That has got to hurt...did you chase him / let him know you were head over heels? I am in my 40s, and constantly get mistaken for someone in their 30s...annoys me at times, but most times I know it's because of how I treat my body.

 

I have never smoked ANYTHING, and haven't tasted beer at all. However, I did try a non-alcoholic beer in Copenhagen when I did the Carlsberg brewery tour. I hope am still able to carry this into my 60s.

 

I also run Marathons, and can do the 5km in 20mins or less depending on the day and how am feeling

 

 

When a single mother who is getting child support/alimony from an ex marries a new man, the alimony/child support usually ends at that time.

 

KathyM......This is a big falacy, child support the kid(s) DO NOT END when a woman marries another person. I don't know about where you are, but "CS is the right of the child", and will continue until the child is no longer a child of the marriage i.e. they turn 18 (here), no longer in full-time education, marry, withdraw from the household of the parents

 

Just to backup what I have been saying elsewhere

 

Stepchildren

 

stepchild.jpg This is another important topic, often overlooked by couples. To help clear things up, I have covered this in this chapter.

PAYING REQUIREMENTS

 

To the surprise of most people, stepparents may be required to pay child support for their stepchildren.

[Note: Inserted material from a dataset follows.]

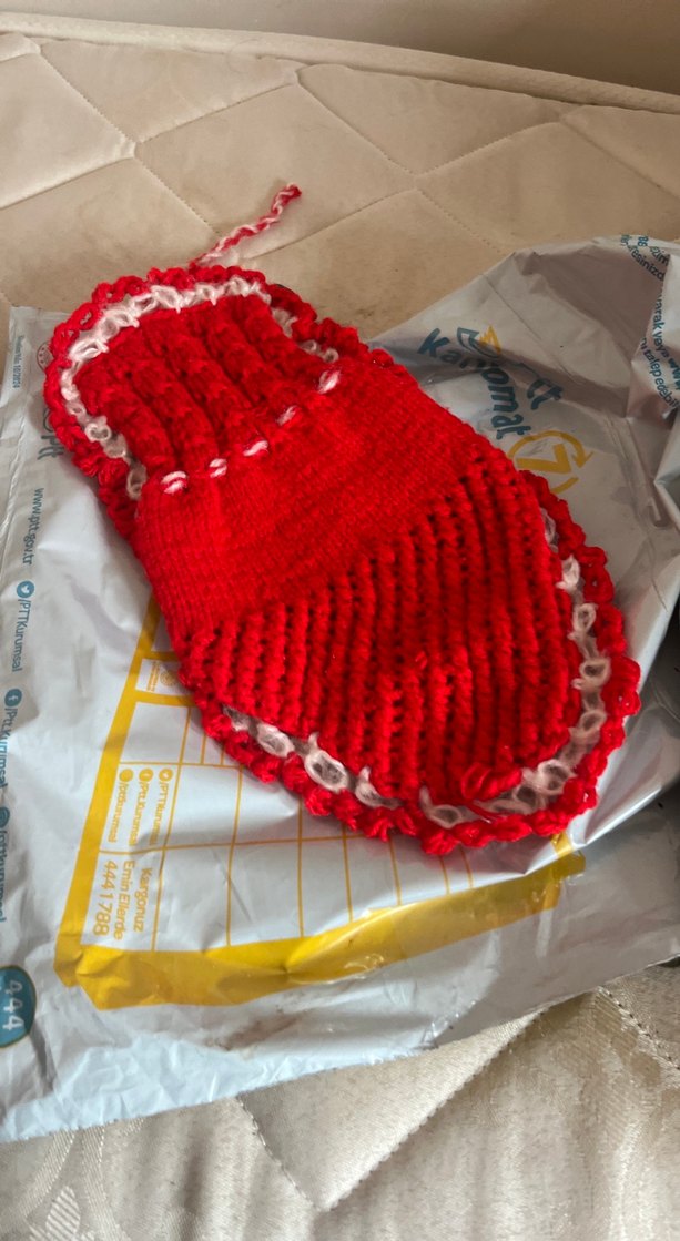 Kırmızı fırın eldiveni, renkli nakışlı desenlere ve örme dokuya sahiptir, sıcak eşya tutarken koruma sağlar.

This can be true even if the child's biological father is already paying child support. In fact, it is not uncommon for the custodial payer to receive payments from more than one former spouse.

In stepparent cases, courts are given the discretion to decide how much child support should be paid. One commonly applied “rule of thumb” is to calculate how much the stepparent would be required to pay under the Child Support Guidelines, then deduct from that the amount of child support that the biological parent is paying.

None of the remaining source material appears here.